Traditional Culture Encyclopedia - Traditional virtues - What's wrong with not invoking the spirit of "three from four virtues"?

What's wrong with not invoking the spirit of "three from four virtues"?

Bright net commentator: Ding Xuan fire. In a public lecture at Jiangxi Jiujiang College, this "female moral culture research scholar" "female moral and etiquette senior expert" said, "women's clothing exposure easy to lose their virginity", "the best dowry for a girl is chastity". "The best dowry for a girl is her chastity," and so on. Out of the modern trend of affirmative action with men and women, Jiujiang College responded to the first time - "part of the PPT images are not used in our school", but the cut is not complete, the statement instead confirms the school's acquiescence, at least part of the content of the lecture rumors are true.

As for "the content of Mr. Ding Xuan's lectures published by some netizens has been taken out of context," this is not a strong defense. About Ding Xuan, there are a lot of lectures on the Internet that can be publicly accessed, and the topics include the importance of women's morality, how women can help their husbands and their families, and women's etiquette and cultivation, etc. These lectures are aimed at women. The target audience of these lectures is women, and their contents are basically contrary to women's independence and emancipation.
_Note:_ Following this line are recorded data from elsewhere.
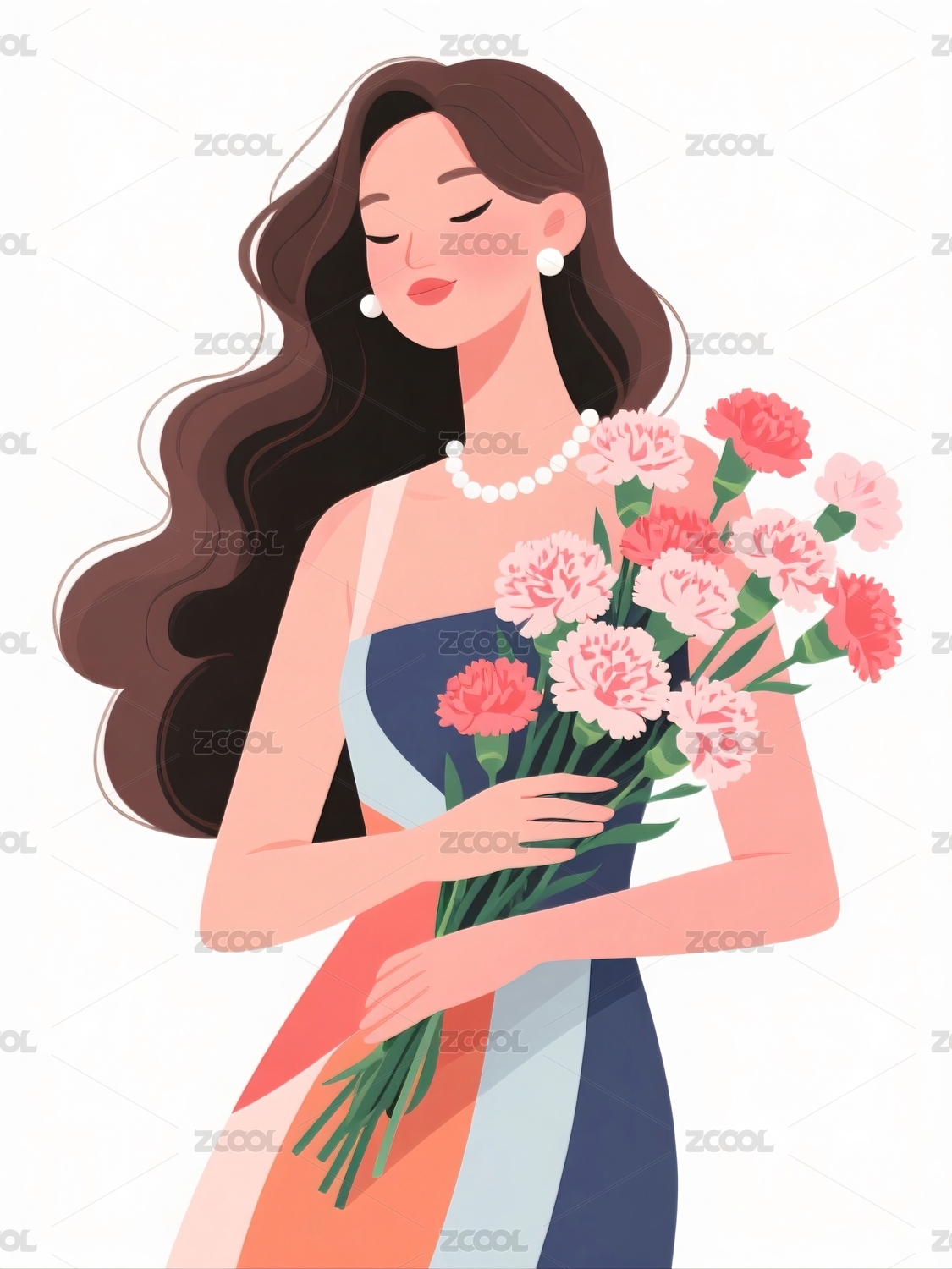 女子手捧鲜花站立肖像
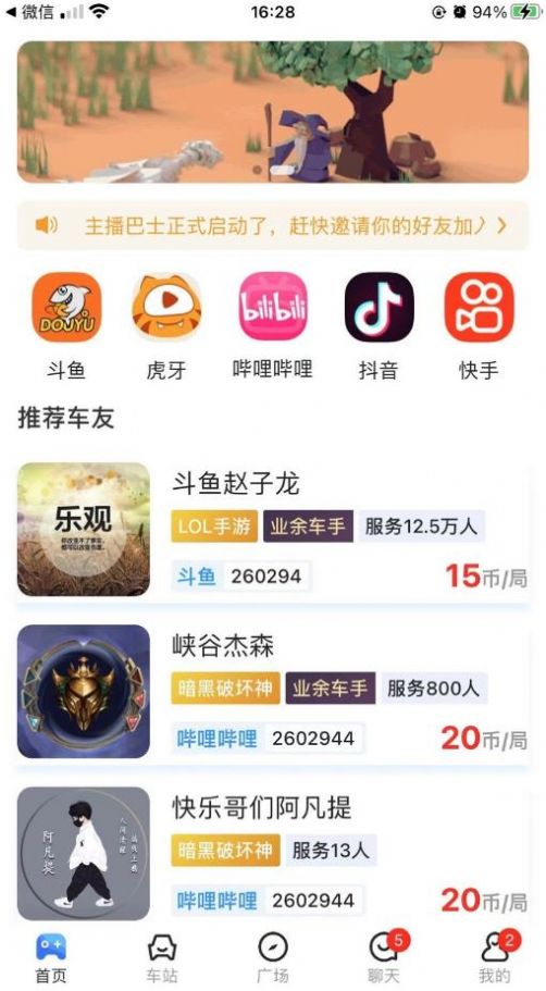 主播巴士app,游戏陪玩的开黑软件,打开软件就能查看到首页、车站、广场、聊天和我的个人中心等多种功能都是非常的齐全的。你可以去查看到发车排行榜、人气排行榜等多种榜单都是可以去查看到的,实时的最新数据都是仅供大家参考的,你还可以去查看到排名、昵称以及服务人数等多种信息的。
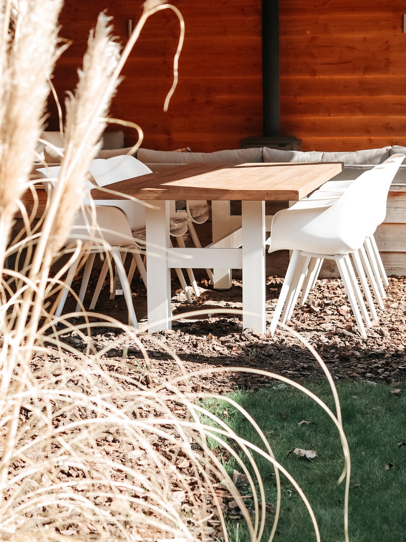 De mooie, grote veranda zal blijven. Hier hebben we gekozen voor een zit- en loungegedeelte. Een heerlijke grote tafel, die ruimte biedt voor de hele familie en goed te onderhouden is, was onze wens. Wij hebben gekozen voor de Yasmani tafel en Sophie stoelen van Hartman.
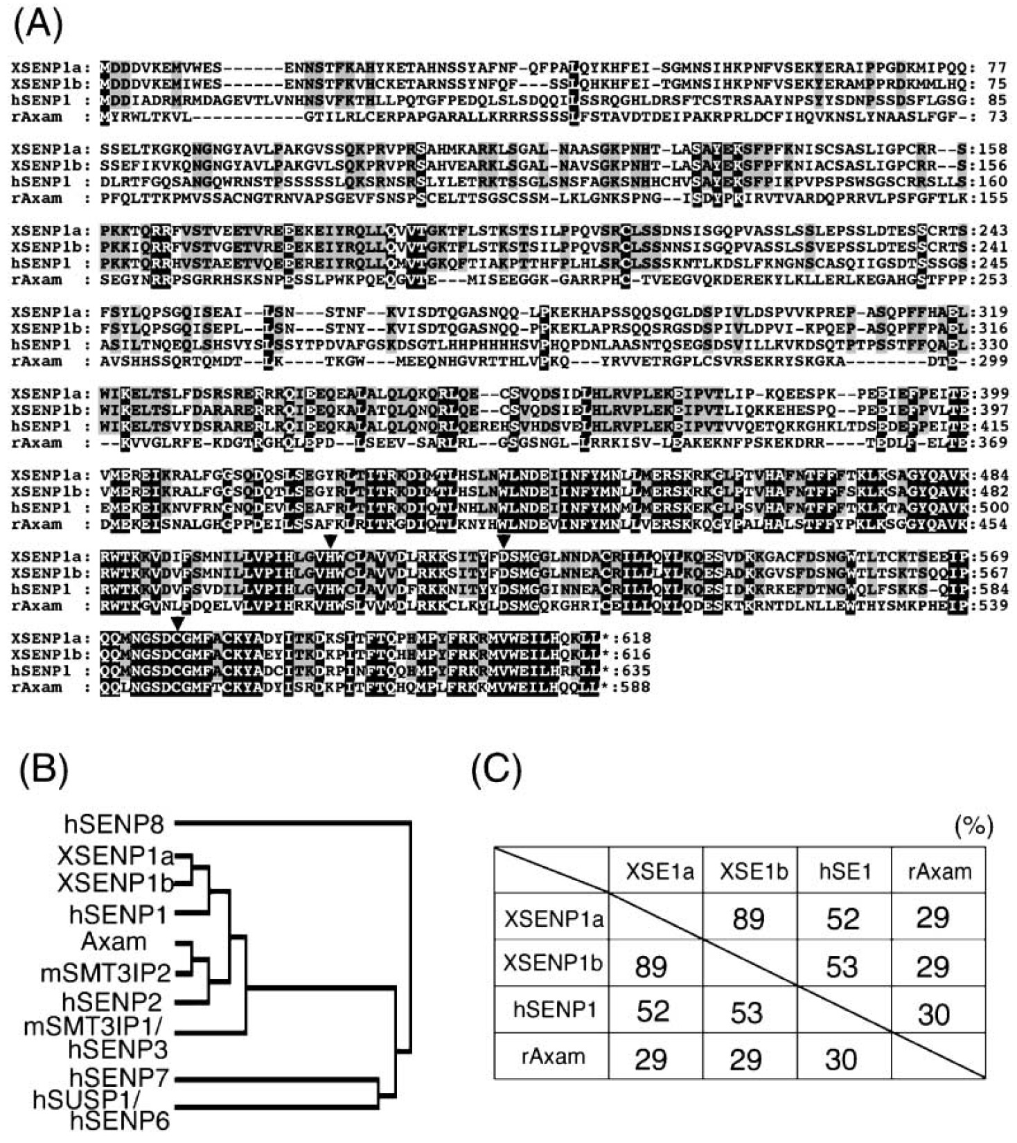 XSENP1s ( XSENP1a, XSENP1b) and hSENP1 are boxed with grey. ( B) Estimated evolutionary relationship of XSENP1s with other
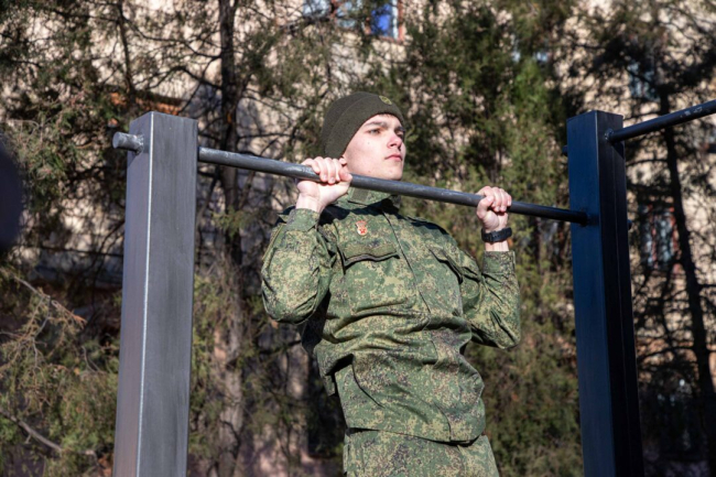 Продолжились тематические мероприятия спортивной эстафетой. Ребята соревновались в подтягиваниях на перекладине, в отжиманиях на брусьях и от пола, а также в перетягивании каната. Был в программе и новый вид соревнований: мас-рестлинг – национальный вид спорта Якутии, образованный от традиционной игры в перетягивание палки. В отжимании от пола юные защитники показали лучший результат среди всех команд.
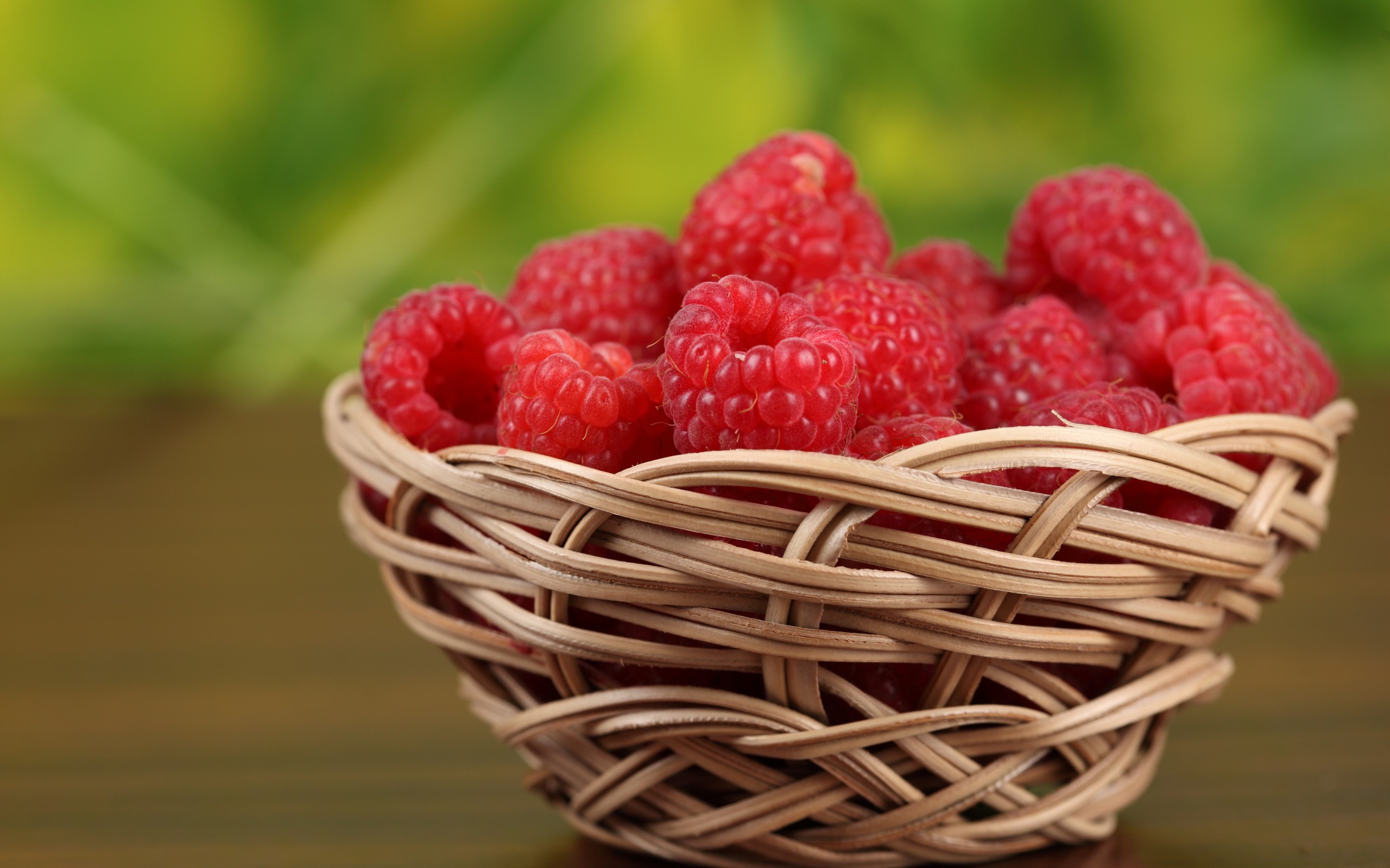 Description: A basket of raspberries on a table with a green background and a blurry image of raspberries in the background.
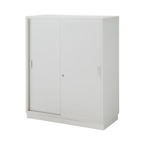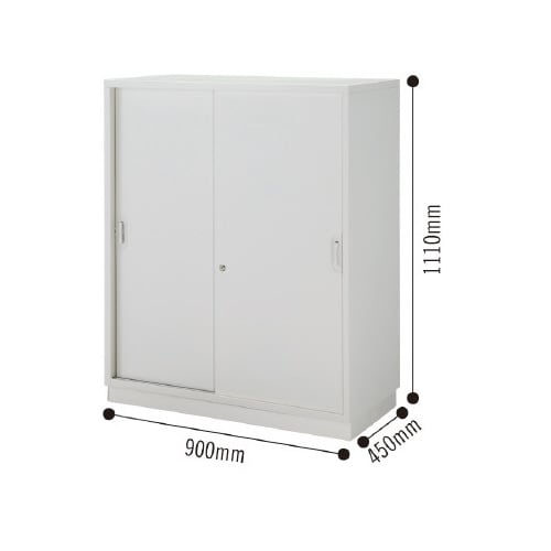 アッセスチール収納庫 幅900×奥行450×高さ1110mm 下置き 引き違い 3段 配線穴なし 本体:ホワイト、扉:ホワイト、ベース:ホワイト 1台

Feminists must not like Ding Xuan. After years of calling for women's emancipation, but not being treated well by mainstream public opinion, she has gone into the schoolyard with her three virtues and four virtues, as well as women's manners and etiquette, at her fingertips. I'm not sure if this is the right way to go about it, but I think it's a good way to get a sense of what it's like to be in the old world.

In fact, the feeling of revulsion is not only feminists, the wind of public opinion around Ding Xuan, the overall tilt of the state. This suggests that at the level of public discourse, the "Three Obediences and Four Virtues" has been swept under the rug, or at least has lost its "legitimacy" as a public statement.

But the reality is more subtle than public opinion, and although Ding Xuan has taken a lot of flak this time around, she has always been a popular guest of honor. The preview released by Jiujiang College shows that the word Ding Xuan, not only tied to the Women's United Foundation traditional culture public welfare lecturer, the executive vice president of the traditional culture research society in Hebei Province, many titles, over the years, she was also invited by the trade unions, women's federation, colleges and universities, enterprises and private organizations, and more than hundreds of voluntary lecture tours. It must be recognized that Ding Xuan is a product of the market, and female virtue is still the underground epiphany of this era.

It is not difficult to refute Ding Xuan. In modern society, we talk about rights and freedoms, and we talk about dependence, and we talk about being attached to your father before you get married, and to your husband after you get married, which is why there is such talk about "being a good husband and a good family". Ding Xuan also said that women should dress appropriately and not be too revealing. The phrase "you can't disturb me no matter what I do" can be scoffed at. In terms of theoretical struggles, there was not much room for a defender of traditional women's culture like Ding Xuan to fight. Ding Xuan's weapon lies in reality, in the remnants of the patriarchal system in modern society.

The new generation of young people will probably find it hard to believe that a man's husband should die and follow his son's footsteps in the Three Obediences and Four Virtues. However, if the social division of labor is "men on the outside and women on the inside", the number of people who agree with it will increase; if it is expanded to include the man buying a house and marrying a good husband, the number of people who take it for granted will be even higher. This is the divide between theory and reality. At a glance, women seem to have gotten rid of the traditional culture of their own curing, instrumentalization, removed the shackles, and began the road to financial freedom. But the road is still long, male power still suppresses women's emancipation, and in the economic structure and social division of labor, women, as a whole of rights, have not established their independence.

The viewer finds Ding Xuan absurd, but in essence, she is merely following the threads of the remnants of a patriarchal society back through history, looking for a historical theoretical basis to match, and thus forming a diametrically opposed direction to that of the feminists. The discomfort of the outside world is not so much about the absurdity of female moral education as demonstrated by Ding Xuan, but rather about our unwillingness to recognize Ding Xuan's existence, because her existence implies a huge gap between the theoretical **** knowledge of women's emancipation and its social practice. It's a gap that feminists have been trying to bridge for a long time, but people seem to have gotten tired of it. And the flip side of being fed up is enjoying the dividends of that gap, including women themselves.

The greater irony is that, as Ding Xuan has moved women's moral education into the university classroom, the dregs of traditional culture have, instead, crowned their way into a field that should be the most cognizant of dregs. If we link the previous university self-regulatory committees beat up couples, as well as the university set up an exposure wall to expose couples make out news, more or less a little bit of each other into an interesting flavor. The resurrection of women's virtue has been a resounding slap in the face of rights liberation. Then, who are the invokers? The answer is certainly not only Ding Xuan.